“Informal neighbourhoods” or “neighbouroods in-formation”?

April 21, 2010

newbabylon
New Babylon by Constant Nieuwenhuys

Now that many commentators have replaced the word “slum” (the s… word) by the phrase “informal settlement”, we are compelled to wonder what do we really mean by the term “informal”. Do we mean unconventional? Unofficial? Unplanned? Undesigned? Or do we mean its form is imperfect, not fully formed, maybe even formless? All at once or a mix of the above?

Is it simply everything outside the formal, in which case we start asking what exactly is the formal? Is it really possible to conceive a pure formal settlement at work, like a machine or a perfectly orchestrated system? With no traces of what we call informal processes intrinsic to them?

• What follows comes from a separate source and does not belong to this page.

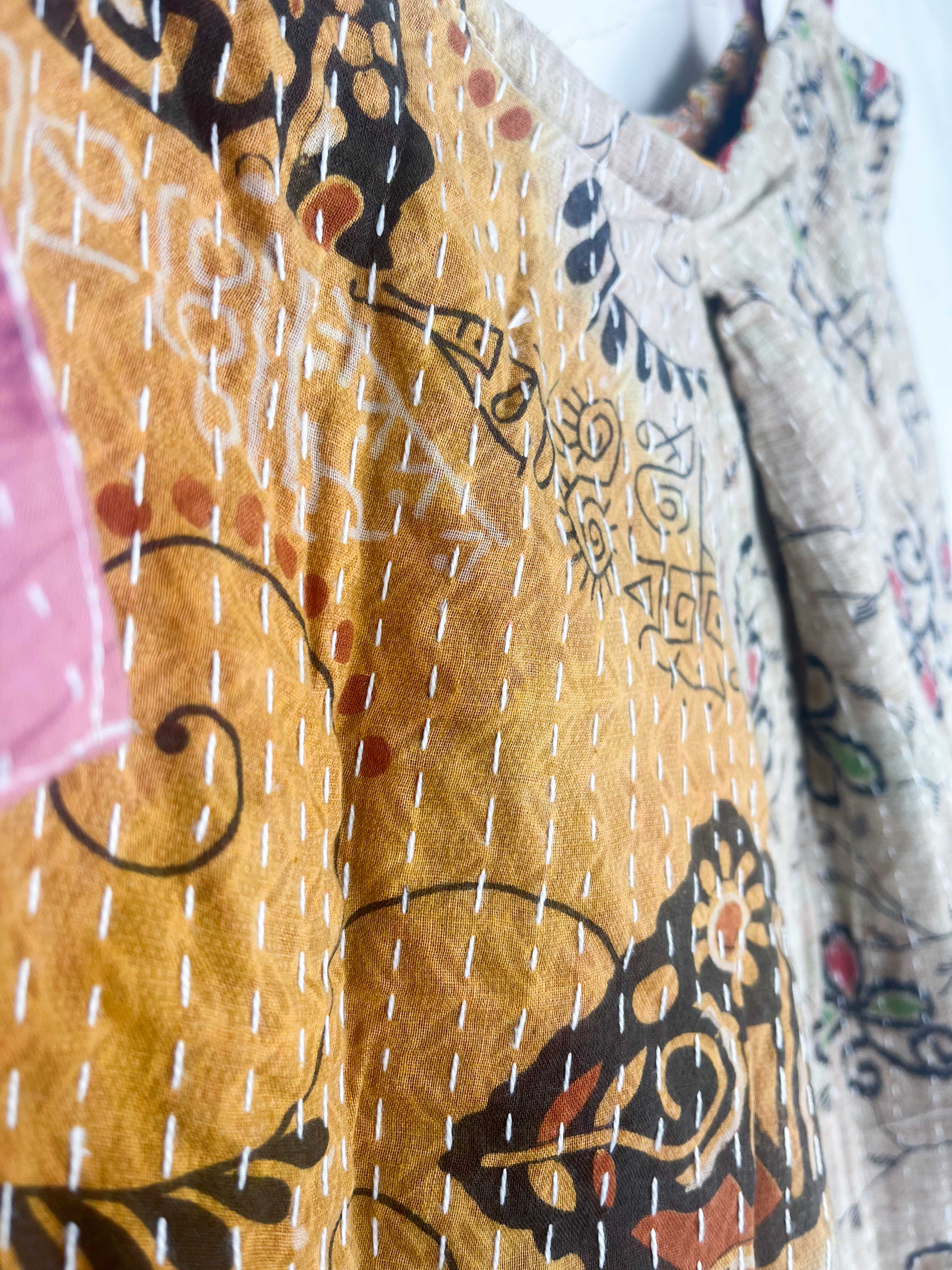 Dare to be unique and beautiful in this beautiful kantha jumpsuit, a blend of timeless artistry and free-spirited design. We combined the rich heritage of vintage Kantha work with the patchwork, creating a piece that's as unique as you are. Crafted from soft Kantha cotton, each patchwork detail carries a whisper of history, while the captivating matching patchwork bursts forth in stunning colors. The delicate square-neck with its tie closure offers a touch of personal style and breathable comfort. Long, wide legs enhance the relaxed, bohemian silhouette, perfect for expressing your inner wanderer. This jumpsuit flows effortlessly, designed to embrace your body with ease and confidence. The subtle texture of the Kantha stitches adds a handcrafted charm, a reminder to embrace your playful and authentic self.

Modernism pushed this vision to the extreme and some even tried to engineer urban systems in the same way as Henry Ford had organized his assembly line. A human scale of relating to space was the main casualty of such thinking, with some cities becoming as alienating as factories. Think of generic central business districts, master planned suburbia stretching along miles of roads, and satellite towns with rows of mass-produced buildings meant for the economically marginalized. This is the urban history of many cities and the future of so many more. The forces that produce hyperformal habitats dominate the urban development (i.e.: real estate market) of emerging megacities throughout Asia and so many other parts of the world.

But however much we organize, masterplan, regulate, institutionalize, and police our cities they remain a mix of systemic order and spontaneous, improvised, “informal” responses and actions, rooted in human emotions, needs and imagination. And this holds true on both sides of the imaginary line between the formal and the informal city.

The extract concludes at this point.